Polymer materials — commercial name of polycaprolactam In industrial polymer science, polycaprolactam is commonly marketed under which fibre name used in textiles and engineering plastics?

Difficulty: Easy

Correct Answer: nylon-6

Explanation:


Introduction / Context:
This question checks your understanding of polymer nomenclature and trade names, especially as used in the textile and engineering plastics industries. Many polymers have systematic chemical names as well as commercial names that appear on product labels.


Given Data / Assumptions:

  • Polycaprolactam is the polymer formed by ring-opening polymerization of caprolactam.
  • The options list common commercial fibres and plastics: nylon-6, nylon-66, dacron, and rayon.
  • We assume standard industrial naming conventions.


Concept / Approach:
Nylons are polyamides. Nylon-6 comes from caprolactam, while nylon-66 is from hexamethylenediamine and adipic acid. Dacron is a trade name for polyethylene terephthalate (a polyester). Rayon is regenerated cellulose. Therefore, linking the correct commercial name requires recognizing the monomer and polymer family relationships.


Step-by-Step Solution:
Identify polycaprolactam → produced from caprolactam via ring-opening polymerization.Recall commercial naming: polycaprolactam is sold as nylon-6.Eliminate distractors: nylon-66 (different monomers), dacron (PET polyester), rayon (regenerated cellulose).
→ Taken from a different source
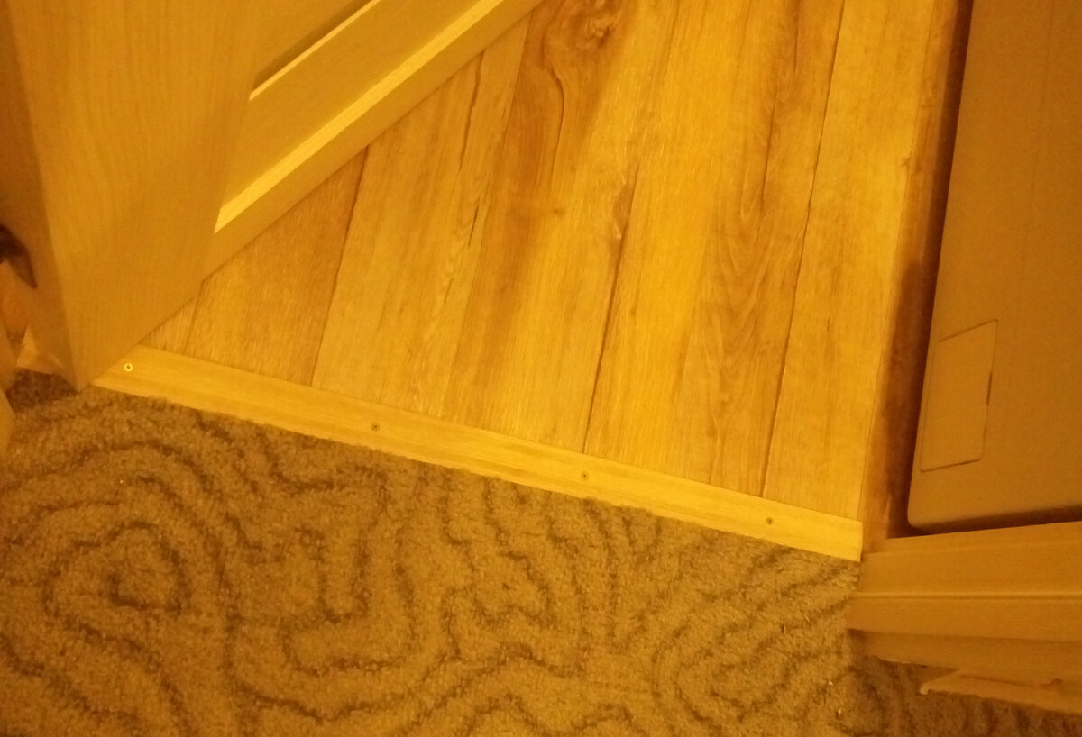 В дверных проемах и на стыках с другими напольными покрытиями (плиткой, ламинатом, ковролином) устанавливают декоративные порожки или переходные профили. Они не только маскируют перепад высот и стык, но и защищают края материала от задирания.
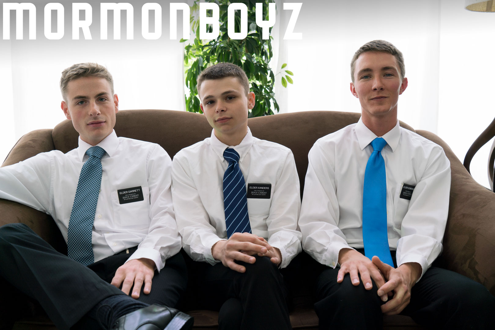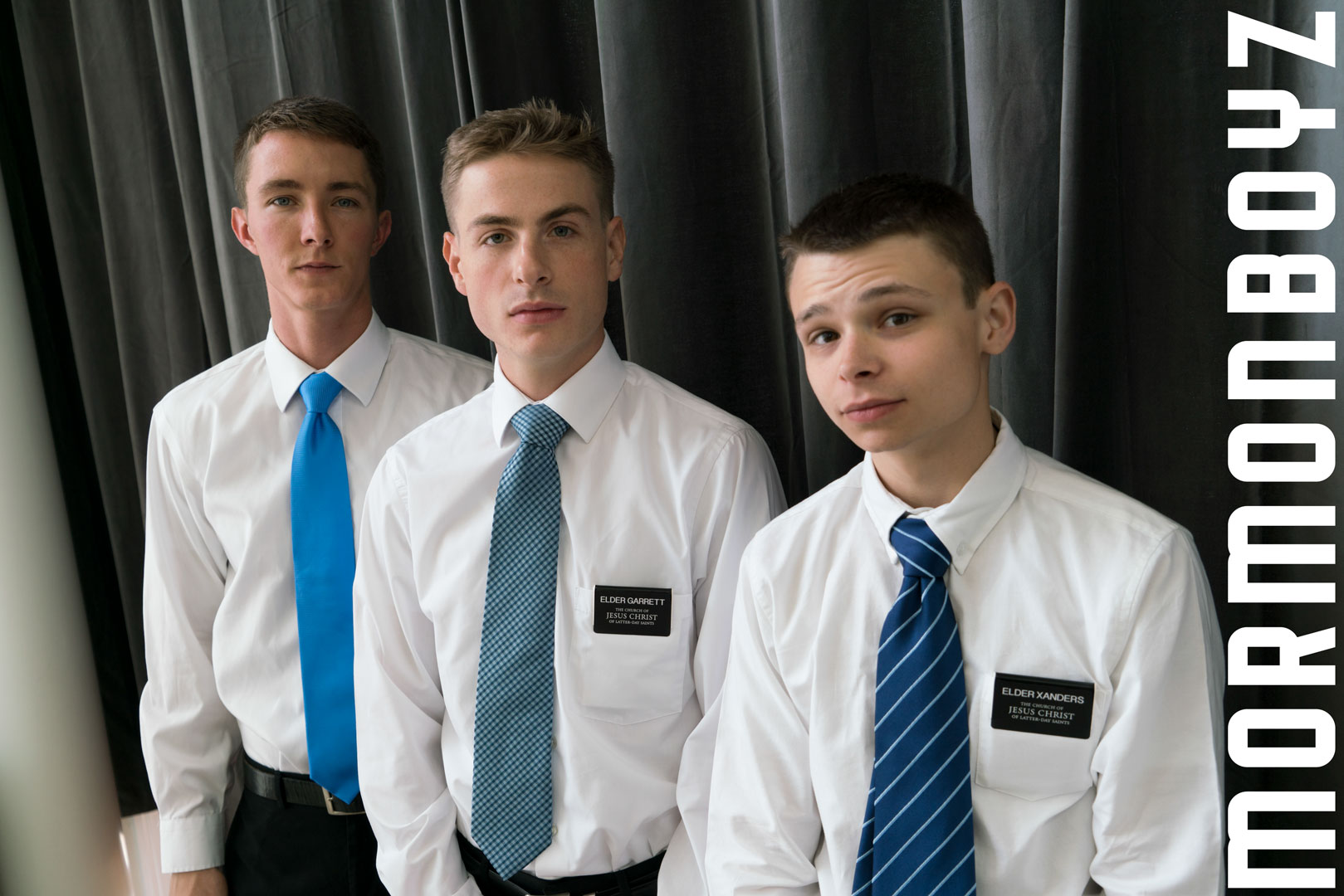 Elder Garrett, Elder Sorensen and Elder Xanders in a Mormon Boyz threesome

Verification / Alternative check:
Standard materials references and polymer textbooks uniformly equate polycaprolactam with nylon-6, used in fibres, films, and engineering parts (gears, bearings).


Why Other Options Are Wrong:

  • nylon-66: a different polyamide made from adipic acid and hexamethylenediamine.
  • dacron: PET polyester, not a polyamide.
  • rayon: regenerated cellulose, not a synthetic polyamide.


Common Pitfalls:

  • Confusing nylon-6 with nylon-66 because both are polyamides; the “6” vs “66” indicates monomer origin.